La difficulté de la "no expérience"

Côté expérience client, le cashback est un casse-tête pour les banques françaises. Difficile de faire aussi bien qu'Amazon et son fameux "one click". "La principale difficulté que nous avons rencontrée au début du programme a été la mise en place d'un parcours utilisateur fluide. Car le marché n'était pas à la pointe de l'expérience client à l'époque. Depuis, cela a été simplifié. Une fois enrôlé, il suffit de vous rendre sur la page de Grande Avenue et de sélectionner l'enseigne dans laquelle vous souhaitez faire un achat pour bénéficier du cashback", explique Sophie Vuillemon.

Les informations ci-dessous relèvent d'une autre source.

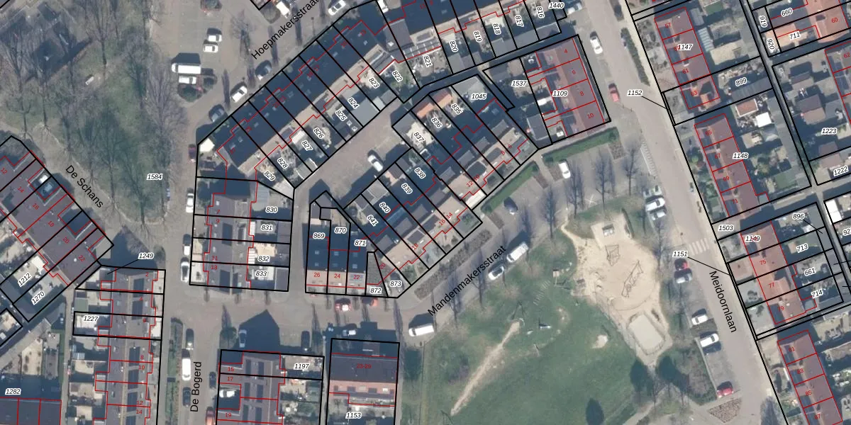 Het perceel waarop Mandenmakersstraat 16 staat heeft een oppervlakte van 130 m². Dit is een middelgroot perceel. De perceeloppervlakte wordt geregistreerd door het Kadaster. Gedetailleerde informatie over de maten van dit perceel kunt u vinden in het rapport Kadastrale kaart met maatvoering van Mandenmakersstraat 16.

"Le cashback ne doit pas prendre le pas sur notre offre bancaire"

Même défi du côté de LCL. Au départ, il fallait effectuer plusieurs clics pour avoir la ristourne, mais désormais presque tout se fait automatiquement. "80% de nos offres ne nécessitent plus que le client passe par le site LCL avant d'acheter chez le marchand", précise Frédéric Lapeyre. En magasin, il suffit juste de payer avec sa carte LCL et le cashback est reversé entre un et deux mois plus tard sur le compte courant. "La clé est la simplicité. Plus c'est simple, plus la perception de valeur augmente et plus le comportement d'achat est modifié. Il faut que les banques apportent une "no-expérience", que le programme n'interagisse jamais avec le consommateur mais qu'il s'occupe de lui quand même", estime Charles de Gastines. Société Générale planche sur cette "no experience". "Nous réfléchissons à élargir le cashback au magasin. Mais les problématiques ne sont pas les mêmes. Il faut s'adosser à un expert de la data monétique... Nous sommes donc en train de consulter des partenaires externes", confie Sophie Vuillemin.

Dans un programme de cashback, il faut certes séduire les clients mais aussi les marchands. Sans eux, pas de ristourne et donc pas moyen d'attirer les clients. D'après l'étude Xerfi, 96% des e-commerçants recommandent ce système mais seulement 48% le jugent "performant" pour acquérir et fidéliser." Si vous avez des partenaires petits et locaux, il ne se passera rien. Si vous emmenez les gros retailers, les pétroliers, les grandes enseignes de prêt à porter… ça va se mettre à rapporter de l'argent", souligne Charles de Gastines. Aujourd'hui, LCL compte 300 enseignes partenaires pour un total de 1 400 points de vente, Société Générale en dénombre 800. En revanche, la proportion des grands versus petits commerçants n'est pas connue.